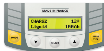
Intuitiv grænseflade på 22 sprog
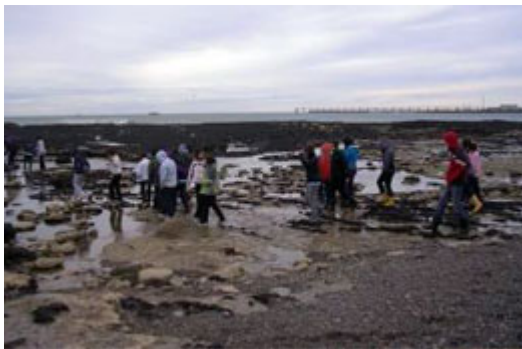
Recolección de algas

La formación de valores, el trabajo en equipo, el respeto por las ciencias y los avances tecnológicos son aspectos que hacen a la oferta de los Clubes de Ciencia.
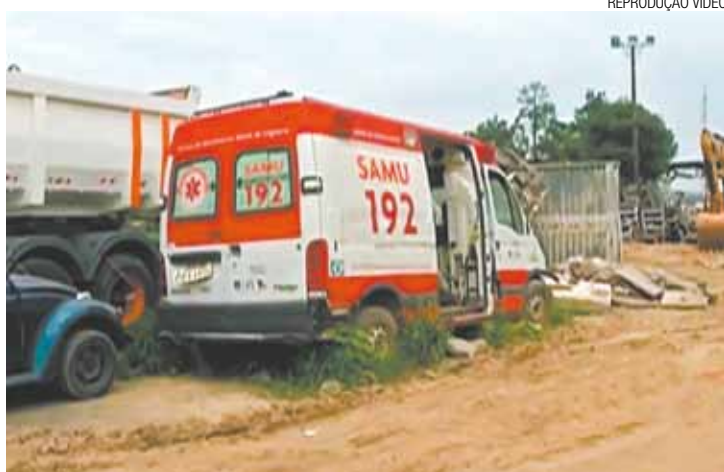
Abandono - Local tem ambulância sucateada do SAMU, além de viaturas

Ainda não se sabe ao certo o que causou o acidente. Não houve registro do caso na delegacia de Itaquaquecetuba.
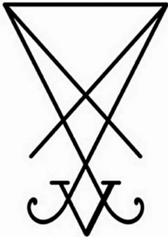
The Sigil of Lucifer
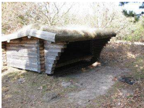
Shelteren ved skydebanen i Rørvig.

GPS-koordinaterne er dér hvor rasteplassen ligger.
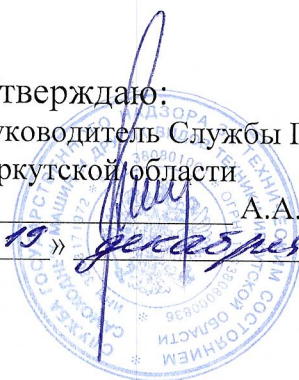
График проведения технического осмотра тракторов, самоходных дорожно-строительных и иных машин и прицепов к ним Заларинским подразделением Службы Гостехнадзора Иркутской области на 2024 год
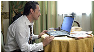
Una escena de 'Hotel Tivoli'.

'Hotel Tívoli' es una comedia que habla de pasión, "por esto además de ser irónica y sarcástica, tiene una parte de amargura". "Es una película dedicada a las mujeres , que son las que tienen el punto de vista más sano y hacen que el mundo vaya mejor", ha comentado el cineasta.
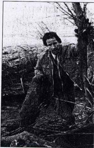
Au bord de la Largue, l'un des trois chantiers de la Sava en cours dans le Haut-Rhin.

L'agence de l'eau Rhin-Meuse remet aujourd'hui ses trophées et médailles de l'eau à Metz. L'Alsace se retrouve au tableau d'honneur à travers plusieurs récompenses. Parmi les lauréats, la section d'aménagement végétal d'Alsace, la Sava. Faire de la réinsertion en s'occupant d'environnement, c'est le pari lancé il y a douze ans par la fédération Alsace Nature, en créant cette section, basée à Muttersholtz près de Sélestat, qui emploie aujourd'hui cinq salariés et une dizaine d'autres personnes.
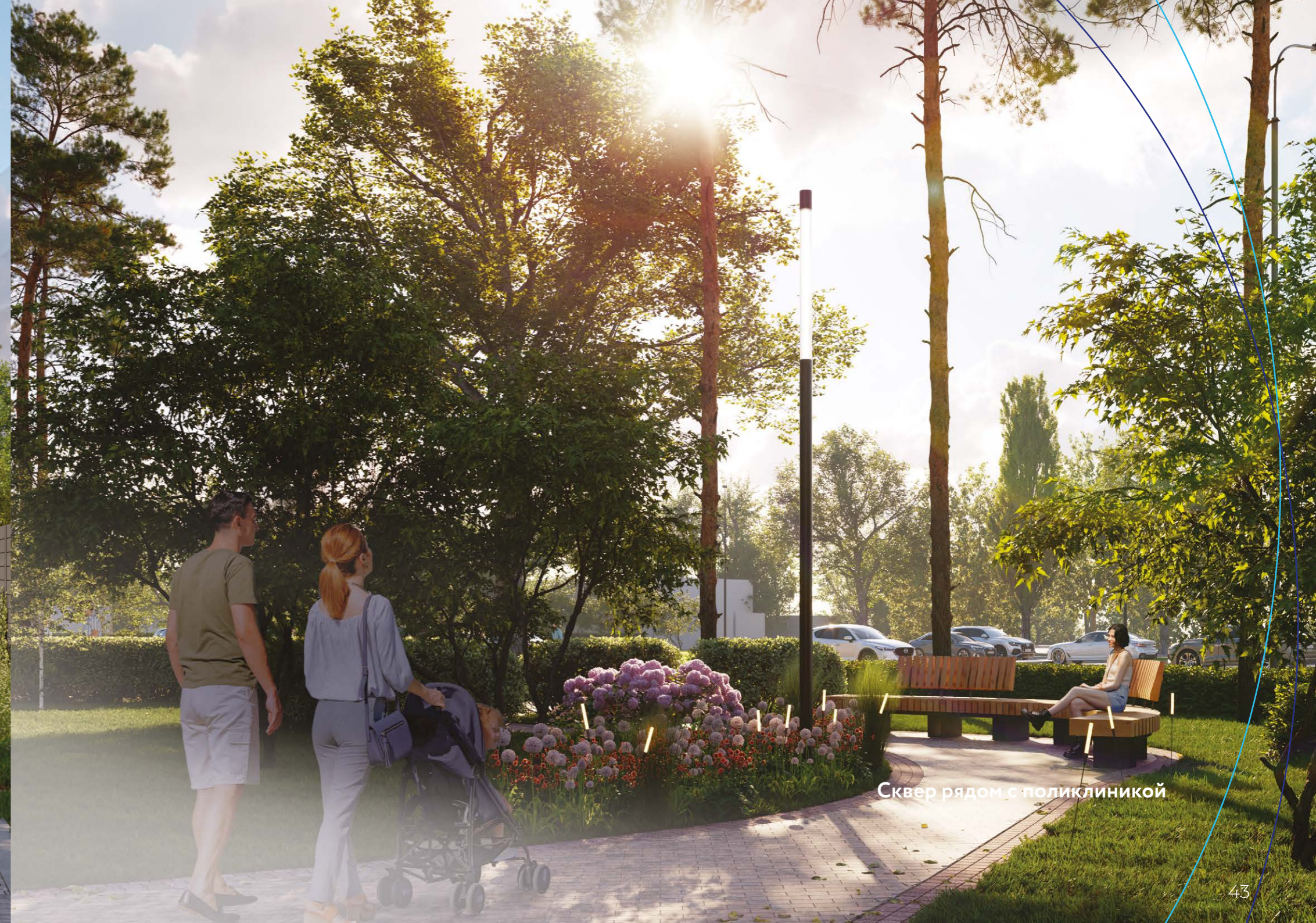
Сквер рядом с поликлиникой
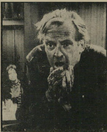
אתור קנדי ב"סתיו אפאלאצי" תקוות שוא

סרט טלוויזיה (יום ד' 29/12, 20.40) סתיו אפאלאצי - דרמה רגילה על משפחה נצרכת בעיר שדה אמריקנית התולה תקוות שוא בהצלחתו האמנותית של הבן הוג, שגילה כשרון נדיר בעבודות קראמיקה. לאהר שכל המשפחה נרתמת לאיסוף כספים על מנת לממן את השתלמו תו בתחום זה, מתנפץ החלום לרסיסים.
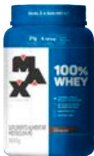
100% WHEY CHOCOLATE MAX TITANIUM POTE
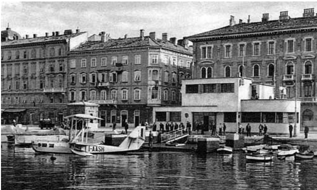
5. Raul Puhali, Hidrodrom, 1932. – 1945. (razglednica, priv. vl.)
====
**WHAT THE TASK ASKS:**
Using the records above, select and copy every line that has the word "Hotel".

**PROBLEM SOLUTION:**
Una escena de 'Hotel Tivoli'.
'Hotel Tívoli' es una comedia que habla de pasión, "por esto además de ser irónica y sarcástica, tiene una parte de amargura". "Es una película dedicada a las mujeres , que son las que tienen el punto de vista más sano y hacen que el mundo vaya mejor", ha comentado el cineasta.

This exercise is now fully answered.